“It’s sad,” said Reid. He got the news last week from their mutual friend Richard Admiral.
Admiral grew up making art with Pratt, whom he said he met around 1970. First they were into music and comic books, then it was street art.
“We were young knuckleheads running around and painting in the 3 yard,” he said, referring to the subway line that terminates in Harlem.
According to Admiral, when they got into trouble in the neighborhood, they’d hide out in Pratt’s Harlem home.
“He was a special cat,” said Admiral. “I loved him to death. Very interesting guy and very, very talented.”
Pratt started practicing his craft on 153rd St. and Eighth Ave. with a group called the Yard Boys, according to the graffiti site At 149th Street. His work went on to be featured in numerous galleries as well as the Museum of the City of New York.

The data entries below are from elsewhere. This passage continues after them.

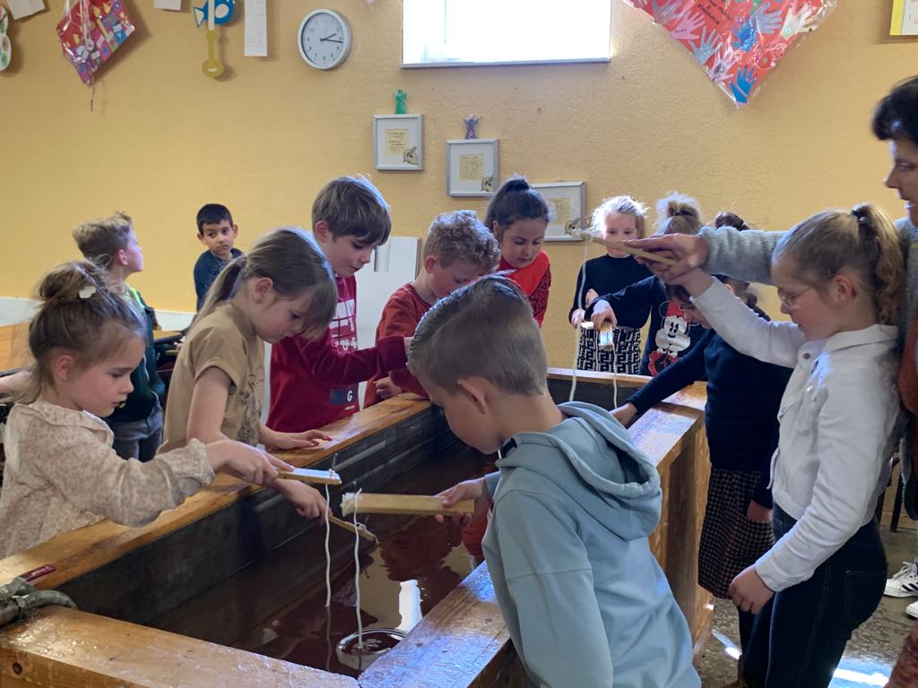 Afgelopen woensdag 19 april gingen de communicanten op bezoek bij kaarsenmakerij Inka in Weert. Daar werden ze opgewacht door eigenaresse Beppie die uitleg gaf over het maken van kaarsen. De communicanten mochten hierna zelf aan de slag door het lont onder te dompelen in vloeibaar kaarsvet. Iedereen deed enthousiast mee en maakte uiteindelijk zijn of haar eigen kaars. Hierdoor zijn de communicanten nog beter voorbereid op hun eerste communie die plaats zal vinden op zondag 21 mei om 11:00 uur in de St. Lambertuskerk in Nederweert.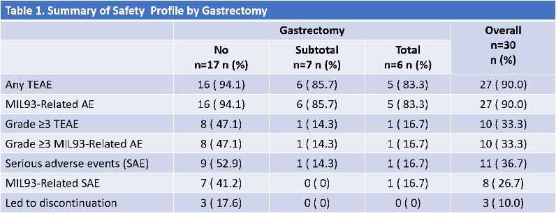 截至2022-12-15,27例患者(90%)出现至少一次治疗期不良事件(TEAE)。考虑到Claudin18.2在胃中的器官特异性表达,这些事件的发生频率与有无进行胃切除术密切相关。未进行胃切除术的患者出现更严重的不良事件(表1)。常见(≥20%)TEAE为恶心、呕吐、低白蛋白血症、贫血、食欲下降、低钠血症、天冬氨酸氨基转移酶升高、乏力、低钙血症、便秘。在≥20mg/kg剂量的14例G/GEJAC患者中,2例患者达到客观缓解,疾病控制率(DCR)达42.8%。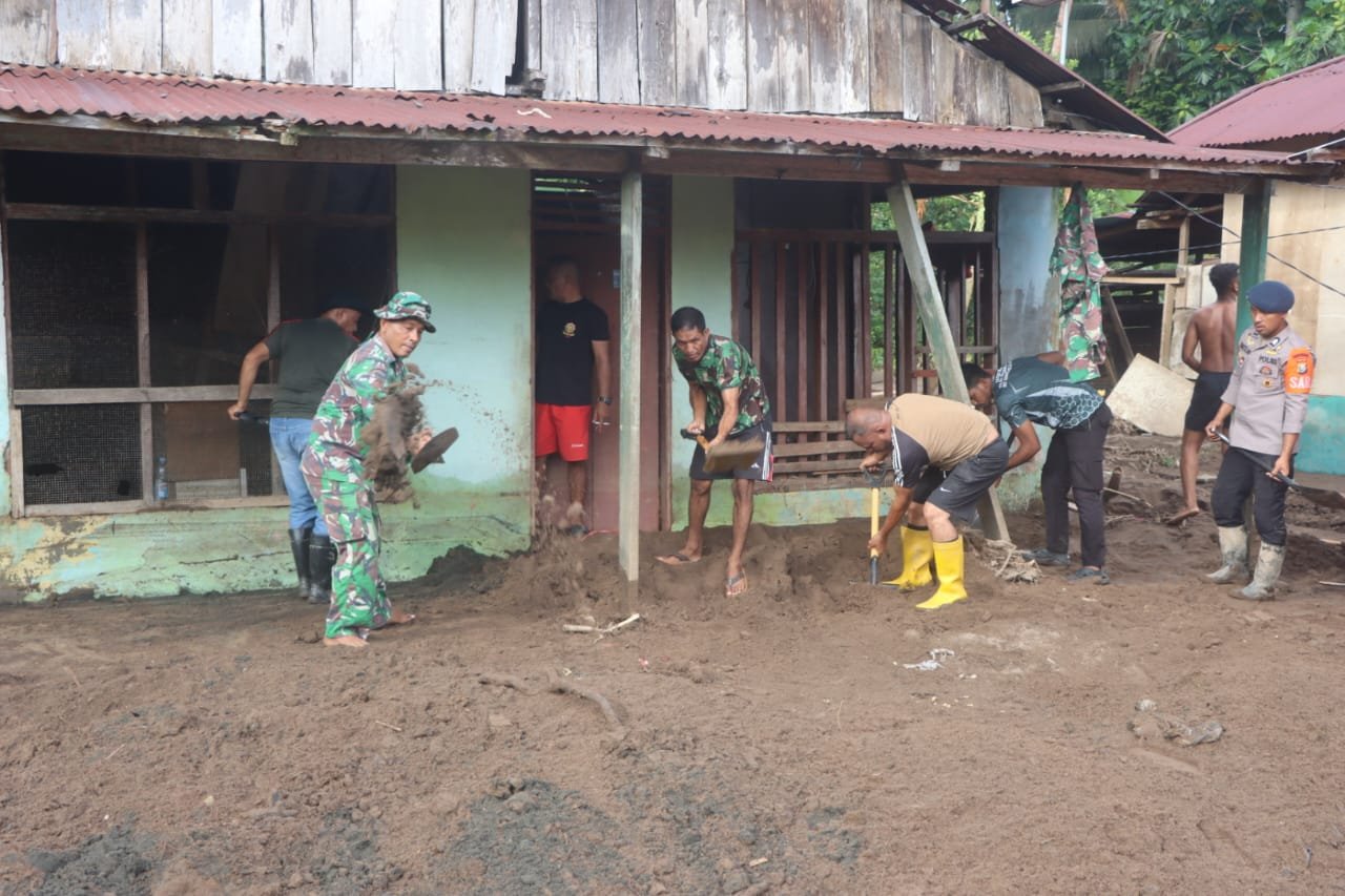 Halmahera Utara — Personel Kodim 1508/Tobelo bersama Tim Penanganan Bencana banjir dan longsor terus menunjukkan dedikasi dan kepedulian tinggi terhadap masyarakat terdampak. Dengan penuh semangat dan tanpa mengenal lelah, mereka melaksanakan pembersihan material sisa banjir di sejumlah titik yang terdampak.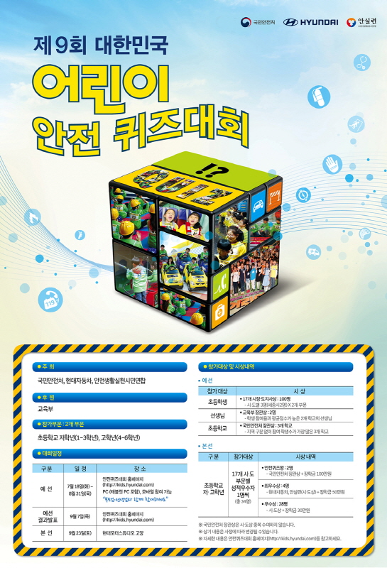 [TV리포트(카리포트)=김혜인 기자] 현대자동차는 국민안전처, 안전생활실천시민연합과 공동으로 어린이, 학부모, 교사가 함께 참여하는 ‘제9회 대한민국 어린이 안전 퀴즈대회’를 7월 18일부터 개최한다고 밝혔다.
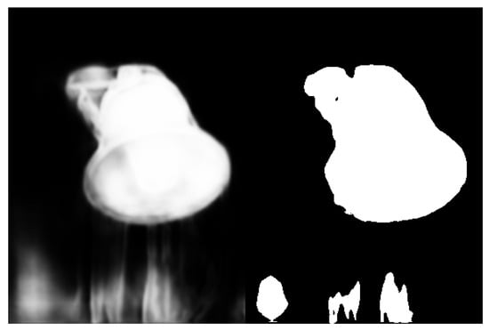Only the contour information cannot be combined with the results of semantic soft segmentation. Ideally, the main part should be white, not just the outline. Therefore, by analyzing the intermediate results of the operation of the algorithm, we can obtain the desired gray image, and process the gray image at the same time: there may be light white pixels in the black area, which we don’t want to keep. Binarize the gray image and keep the obvious white area. Examples of the results before and after processing are shown in Figure 6 (the left side is the execution result of the original significance detection, and the right side is the resulting diagram after binarization of the gray image).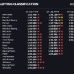 I piloti Ferrari e Mercedes partiranno domani sulle medium, così come Verstappen, mentre gli altri nella top 10 prenderanno il via sulle soft. Undicesima la Renault di Nico Hulkenberg, messo fuori dalla top 10 proprio dal compagno di squadra Ricciardo. Dodicesimo Kevin Magnussen sulla Haas, davanti alla Toro Rosso di Daniil Kvyat, cui è stato tolto il tempo che l’aveva portato in 11° posizione per aver superato i limiti della pista. Quattordicesima la Racing Point di Lance Stroll davanti alla Haas di Romain Grosjean. Fuori in Q1 le Alfa Romeo di Antonio Giovinazzi e Kimi Raikkonen, in 16° e 17° posizione, seguiti dalla Williams di George Russell. A chiudere lo schieramento la Racing Point di Sergio Perez – che dovrà partire dalla pitlane per non essersi fermato al peso nelle seconde libere – e la Williams di Robert Kubica.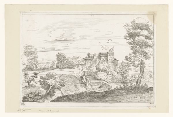 Curator: We're standing before Jean-Jacques de Boissieu's "View of the Temple of Vesta," crafted in 1774. It's currently held at the Metropolitan Museum of Art. A complex print made via etching and engraving. Editor: It has the hazy quality of a dream, or maybe just heat shimmering off old stones. Ruins bathed in light, rendered with incredible delicacy. Do you get a feeling of melancholy looking at it? Like beauty fading? Curator: Definitely, that sentiment resonates with Neoclassical art which harkens back to the grand forms of antiquity. Think about how printmaking facilitated the circulation of these classical ideals, taking Roman visions to a wider audience. The material process is very important in democratizing access. Editor: That's interesting! It almost feels like this romantic gaze onto a ruin transforms the labor involved; an idyllic vision arises as one considers the repetitive and careful process that would give form to this precise depiction of an Arcadian vision. The animals seem almost carelessly added, in contrast with the meticulous detail given to the architecture, like, oh here comes real life into the composition! Curator: These idyllic scenes were incredibly fashionable among the European elite; such pieces operated within a network of trade and taste. I wonder how Boissieu adapted his technical skill, to meet demands of the print market. He transforms, cheapens, or heightens its impact. It also places labor as more of a commodity, doesn’t it? Editor: The layering of tones adds real depth. I am picturing de Boissieu working on the etching plate with incredible patience. Maybe it's less about the labor becoming a commodity and more about art's accessibility and influence through it. It's almost as if the Temple becomes accessible through de Boissieu. I feel as if a gate has opened, allowing me into an artist's consciousness as well. Curator: Perhaps the most romantic gate that capitalism can devise, yes? To think about the image of a structure that inspired the artist—transposed through an arduous, manufactured process is very important in itself. The image's function—aesthetic, economic, or something in between, can vary between its various social spheres, in both past and present! Editor: It does provide endless points to explore. I love the way this piece feels both meticulously rendered and somehow effortlessly dreamlike! It gives me room to breathe and imagine what stories could emerge out of it.

Admiral was told that Pratt will be flown back to New York to be buried next to his daughter, who died last month. He didn’t know the details of her passing. Admiral got word of Pratt’s death from mutual friend and fellow artist Aaron Garrett, who paints under the name TB1. Garrett, who lives in Astoria, Queens, said he heard of his pal’s passing through Pratt’s widow in California.
“Stan was an octopus who was into a lot of good things and a lot of other things,” Garrett laughed, citing Pratt’s love for cars, bicycles, women and playing bass. Not wanting to give specifics, Garrett said Pratt had a near-death experience in the ’80s that gave him a new lease on life.
“He said he met people on the other side and they told him he had to go back,” Garrett said.
Garrett said he talked to Pratt in the week’s before his death and knew his friend of 40-plus years, whom he said had beaten cancer, was ailing.
“He said things like when he died, he wanted to be buried in New York,” Garrett recalled. “You don’t say things like that unless you know something is wrong.”
Stan’s ex-wife, Claudia Pratt, said she married Pratt in 1994 and stayed in contact with him following their 2004 divorce after he moved to California and she opted to stay in New York. Claudia, 56, last spoke to her ex-husband by phone in the hospital in Aug. 15. She last saw the artist in July shortly before Stan’s daughter’s funeral.
“I’m still in shock. I still don’t believe it,” she said. “You always think you have more time.”
Claudia said there’s buzz about Sept. 28 “celebration of life” for Stan 153, but that it’s not set in stone.
“A lot of people knew and loved him,” she said. “I didn’t know who he was when I met him. Then I found out.”
Pratt’s widow Marcea declined to comment on specifics, other than saying the graf master’s family had been inundated with phone calls and would put out a statement once they’re ready.
Graffiti historian Eric Felisbret told the Daily News that he, too, had been made aware of Pratt’s death by friends on social media.